On 14/04/2019 19:53, Ryan Joseph wrote:

On Apr 14, 2019, at 1:38 PM, Sven Barth via fpc-pascal 
<fpc-pascal@lists.freepascal.org> wrote:

As already said by Martin: the compiler *can not* determine all cases whether 
the parameter is Nil or not, so it *must* be done at runtime to ensure this. 
Otherwise the feature is just as useful as this:
I’ve read over what Martin said and honestly I’m confused now. :) I’m not sure 
if I don’t understand you guys or you don’t understand me.

Lets use the example of the optional (i.e. "could be nil") return value because 
it’s most easy to understand. Why can’t the compiler know that the result of GetThing is 
an optional and therefore you *must* always check any code that dereferences it? Isn’t 
this a compile time issue?

In the example below I would always check for not nil if the documentation said 
it may be nil so why can’t the compiler just make you do that anyways and 
provide the information right there in the declaration? I don’t understand 
where the runtime element of this is.

function GetThing: TThing; optional;

var
   thing: TThing;
begin
   thing := GetThing;
   if assigned(thing) then
     writeln(thing.name);

Well the answer has several parts.

One thing is what checks can be done, to help the programmer not to accidentality  de-ref nil.
The other thing is how.

1) The "optional" is actually the default. If anything towards a deref-warn feature was done, then *every* parameter,  *every* return-value (and even every other var) of a nil-able type should be seen as optional. If a type is not optional, then it should be declared as "not nil-able" => function foo(notnil a: TObject): notnil TOBject;

That is in the same way as range checks. There is on "type x=array[1..50] with range checks of integer;"

Using your "Optional" is just specifying what already applies. In other words: redundant.

Now specifying it for a result, is different than specifying it for a parameter.
- For a parameter, the problem was:
   that if I want the compiler to check that I test for "assigned",
   => then I must remember that I want the compiler to do that,
   => because if I do not remember, then I would not add the "optional"
  But:
  If I already remember that I want to have a check for "assigned", then I can do it right away.   I do not need the "optional", so that I get a warning for forgetting something that I actually just though of.

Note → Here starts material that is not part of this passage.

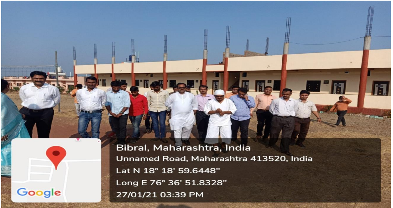
The College Staff, Students and Management Visited 'Sevalaya' Dist. Latur

As something applied to the result, the reminder is for some other person. The person that will write the code.
Now that idea is perfectly fine.
- But the "optional" still is not. The user, the compiler, everyone already knows that the result can be nil. Every TObject can be nil. This is the default. - So to improve this we would need a way to say: It will never be nil. (I.e., it is different from the default) If we had that, then there would be nothing wrong with the compiler giving a hint, in case the user does not check.

So that is about the how.
- Reverse the spec, so it acknowledges the current default.
- Then issue warnings for every parameter or return value, that has not been marked as non-nil.

2) If the compiler does check, we have to consider that all current code defaults to nil-able.
To avoid floods of warnings the check would need to be off by default.
It could be enabled by
- directive
- command line to the compiler
- fpc.cfg

3) If the compiler does check, it can issue (at compile time) hints, notes, or in very very few cases warnings. You can use -we to tread them as error, but they can never be error by default.

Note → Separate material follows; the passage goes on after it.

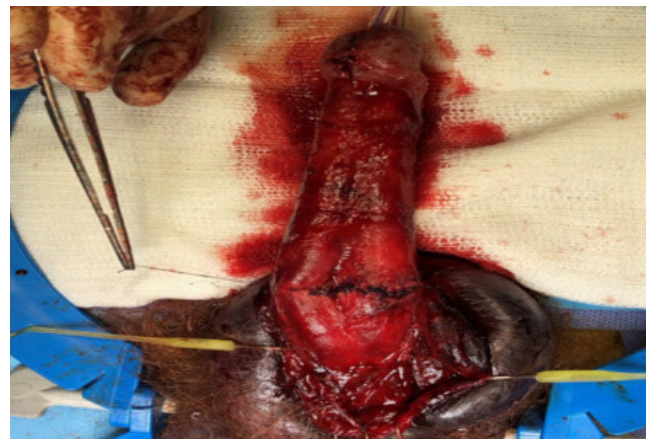
Figure 4: The cavernosal injury was repaired in an interrupted fashion using 3-0 PDS suture.

At the time of operation, a subcoronal circumcising incision was made and the penis was degloved. After evacuation of a large hematoma (Figure 2), a significant defect was identified in the left corpus cavernosum. The defect was ventral in location though lateral of midline. Additionally, a large injury involving the ventral half of the urethra was identified (Figure 3). A 16 French catheter was introduced through the meatus, maneuvered across the defect and into the bladder. The urethra was then closed in a watertight fashion over the catheter using 4-0 Vicryl suture. The cavernosal injury was repaired in an interrupted fashion using 3-0 PDS suture (Figure 4). A circumcision was then performed and the skin edges were reapproximated using interrupted 4-0 Vicryl suture. The urethral catheter was left in place for 4 weeks and then removed.

Code can be very complex. The compiler can never understand all possible ways of implementation. Therefore the compiler will always have false positives. If those were errors by default, then perfectly valid code could not be compiled.
So hints, notes, and occasional warnings.

4) runtime checks:
Are entirely independent of the above.

However they can be helpful. They would work exactly like range-check errors work today. If you declare a function can never return nil, then the compiler can (as a separate feature, with its own option) in addition to the hints/notes at compile time, add checks at runtime.

You do not write try except for range checks (at least that is not what range checks are meant for), and you would not do that for nil checks.

-------------------
In conclusion:

The nil-deref-protection would be very much like range checks. (except that the nature of tracing the nil value is more complex, meaning you get notes instead of errors)

range checks can occur at compile time SomeString[-1] should give a compile time error (in that case actually an error)
range checks also occur at runtime.

nil-deref-protection  does the same.
It applies to *ALL* nil-able types by default.

In order to be useful it is necessary that the programmer has a way to tell the complier that variable/param/returnval do not fall into the default, and that they are never nil.

Invalid contracts are an error that should trigger during development, but not 
necessarily when released. So coupling them with the default exception 
mechanism is a valid solution.
Could you give a custom message for the exception or would it just say “Function X 
failed conditions”? Usually we give more detailed messages so we know went wrong. 
Since this is the compiler maybe it could say which condition failed, like 
“condition x < 0 failed”.

See the oxygen page. Yes there are custom messages.
But they should be for the developper. Not for the end user.
Though of course nothing stops you from (ab-)using them for the enduser.